Few receive specialist help they need, report finds, while aim of resettling 20,000 vulnerable refugees by 2020 remains a challenge
Only a handful of the 1,000 survivors of torture or violence who have arrived in Britain under the government’s Syrian vulnerable refugee resettlement programme have received specialist help, charities have told MPs.
MPs on the Commons public accounts committee said it was “a stark fact” that more than half of the refugees resettled in Britain by the end of June last year had suffered torture or violence and it was critical that such people received specialist support.
Britain pledged to take 20,000 of the most vulnerable Syrian refugees from camps in the Middle East by 2020 after David Cameron and Theresa May refused to take part in the European Union’s plans to relocate thousands of Syrian refugees who had crossed the Mediterranean and reached Europe.

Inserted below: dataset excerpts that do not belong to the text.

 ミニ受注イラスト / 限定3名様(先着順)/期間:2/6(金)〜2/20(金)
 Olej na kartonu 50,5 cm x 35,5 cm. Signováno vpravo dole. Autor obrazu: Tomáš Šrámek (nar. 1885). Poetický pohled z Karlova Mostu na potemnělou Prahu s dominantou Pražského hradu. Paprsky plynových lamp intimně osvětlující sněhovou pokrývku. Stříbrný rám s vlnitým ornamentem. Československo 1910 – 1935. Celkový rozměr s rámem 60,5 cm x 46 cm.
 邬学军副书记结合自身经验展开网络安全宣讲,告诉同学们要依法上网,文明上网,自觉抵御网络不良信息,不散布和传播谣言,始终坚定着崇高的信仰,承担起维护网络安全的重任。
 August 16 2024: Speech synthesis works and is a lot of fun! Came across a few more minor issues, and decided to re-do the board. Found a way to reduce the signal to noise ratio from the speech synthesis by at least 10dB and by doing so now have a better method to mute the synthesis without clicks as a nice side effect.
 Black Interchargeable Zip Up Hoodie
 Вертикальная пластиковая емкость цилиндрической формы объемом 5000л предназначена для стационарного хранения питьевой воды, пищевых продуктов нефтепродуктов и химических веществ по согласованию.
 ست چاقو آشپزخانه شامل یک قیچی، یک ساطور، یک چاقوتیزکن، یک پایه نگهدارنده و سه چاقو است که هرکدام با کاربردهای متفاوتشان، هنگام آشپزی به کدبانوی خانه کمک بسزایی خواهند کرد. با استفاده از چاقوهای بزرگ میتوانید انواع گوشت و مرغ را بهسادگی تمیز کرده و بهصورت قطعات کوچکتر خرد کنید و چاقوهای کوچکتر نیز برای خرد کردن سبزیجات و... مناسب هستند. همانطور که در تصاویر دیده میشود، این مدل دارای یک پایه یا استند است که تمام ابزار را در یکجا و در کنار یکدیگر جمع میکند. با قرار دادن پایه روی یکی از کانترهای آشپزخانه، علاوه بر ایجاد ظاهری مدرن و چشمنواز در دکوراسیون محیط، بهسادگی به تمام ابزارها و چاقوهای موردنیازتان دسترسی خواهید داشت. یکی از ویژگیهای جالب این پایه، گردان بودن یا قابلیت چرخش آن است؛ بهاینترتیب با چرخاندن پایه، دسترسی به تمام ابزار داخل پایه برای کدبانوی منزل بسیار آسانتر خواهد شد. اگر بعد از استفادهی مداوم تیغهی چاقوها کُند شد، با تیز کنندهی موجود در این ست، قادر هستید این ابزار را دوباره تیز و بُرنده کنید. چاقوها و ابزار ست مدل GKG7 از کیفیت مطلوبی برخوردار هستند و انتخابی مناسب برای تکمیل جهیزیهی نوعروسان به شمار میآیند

The MPs say in their report, published on Friday, that there are enough indicative pledges of support from local authorities around Britain to meet the 20,000 target but say it is essential these are turned into firm offers of resettlement places for the scheme to succeed.
The committee commended the Home Office, local authorities and others for their efforts on delivering the scheme: “After a concerted effort to resettle 1,000 before Christmas 2015, the programme sensibly took a step back in early 2016 to redesign a more sustainable programme. However, meeting the overall target to resettle 20,000 of the most vulnerable Syrian refugees in the UK by May 2020 remains a significant challenge.”
The MPs have called on the Home Office and the local authorities involved to undertake a full review of how torture victims on the scheme are being identified and supported.